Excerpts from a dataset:
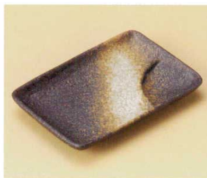
30513-589 京備前6.0仕切皿 810円 60入 (17.5×11.9×2.1cm)
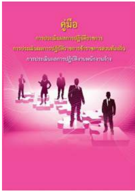
หนังสือ การประเมินผลการปฏิบัติงานพนักงานจ้าง
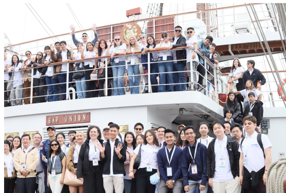
Fotografías de la delegación chilena en las distintas actividades de Voices of the Future (VoF).

Los jóvenes chilenos participaron en la redacción de la "Declaración de la Juventud" de APEC, la que estuvo inspirada en el lema "Empoderar. Incluir. Crecer" que Perú estableció para este año en el que estuvo al frente de APEC. Esta declaración fue entregada a autoridades del Consejo Asesor Empresarial de APEC (ABAC, por sus siglas en inglés). Los jóvenes participaron, también, de las distintas actividades de la Semana de Líderes de APEC, entre las que se incluyó la APEC CEO Summit. La delegación finalizó su participación con una presentación cultural que incluyó un relato y canto para resaltar las principales características de nuestra economía.
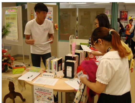
工作人員回答參觀者問題
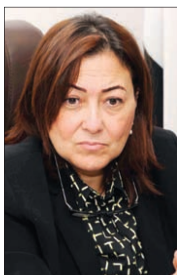
السفيرة هويدا عبدالرحمن

وقالت عبدالرحمن في تصريحات لـ «الأنباء»، إن القنصلية تسلمت خلال العام الأخير فقط أكثر من 55 ألف طلب جواز سفر تم استيفائها بشكل فوري وإرسالها لاستخراج الجوازات، موضحاً أن ذلك يعادل ما يتم استقباله في 5 سنوات كاملة، مؤكدة «تم بالفعل إنجاز أكثر من 50 ألف جواز سفر وتسليمها إلى المواطنين المصريين المقيمين في الكويت وسيتم تسليم البقية خلال الأسابيع المقبلة».
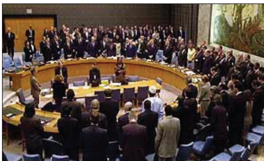
Organización de Naciones Unidas.

Los conceptos de Democracia y Seguridad en nuestra legislación, conviven, complementan y refuerzan la unidad del Estado-Nación porque ambos están
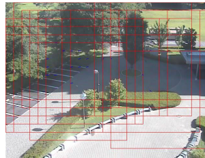
図8 高信頼動き推定の推定結果
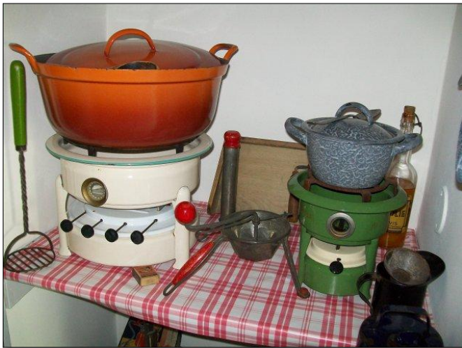
Een 4-pits- en een 1-pits oliestel

In de al eerder genoemde periode vanaf begin 20 e eeuw kwamen ook petroleumstellen in zwang. Ze waren klein, waren een goede warmtebron om op te koken en vooral in de zomer gaf dat voordelen. Je hoefde niet de kachel of het fornuis te stoken om te koken tijdens hoogzomer. Daarbij waren ze ook relatief goedkoop in aanschaf. Het eenpittertje als warmhoudapparaat, tot de grote drie-of vierpitter om een complete maaltijd op te koken. De petroleumboer, meestal met een handkar of hondenkar werd een bekende verschijning in het straatbeeld. Al snel breidde zijn assortiment zich uit met allerlei schoonmaakartikelen als borstels en zeep.
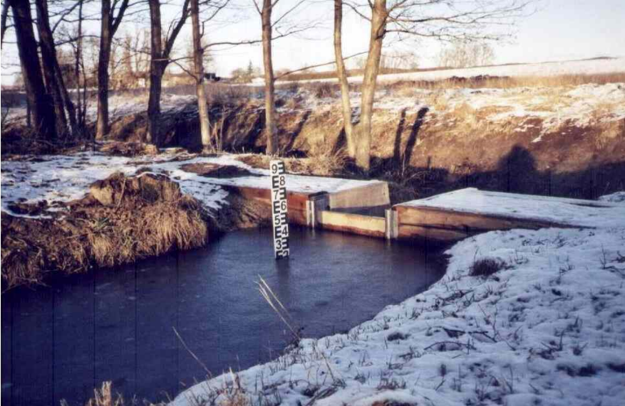
neu errichteter Stau 2003

Requirement: If a line of the entries holds the word "عبدالرحمن", copy it out.

Your response:
السفيرة هويدا عبدالرحمن
وقالت عبدالرحمن في تصريحات لـ «الأنباء»، إن القنصلية تسلمت خلال العام الأخير فقط أكثر من 55 ألف طلب جواز سفر تم استيفائها بشكل فوري وإرسالها لاستخراج الجوازات، موضحاً أن ذلك يعادل ما يتم استقباله في 5 سنوات كاملة، مؤكدة «تم بالفعل إنجاز أكثر من 50 ألف جواز سفر وتسليمها إلى المواطنين المصريين المقيمين في الكويت وسيتم تسليم البقية خلال الأسابيع المقبلة».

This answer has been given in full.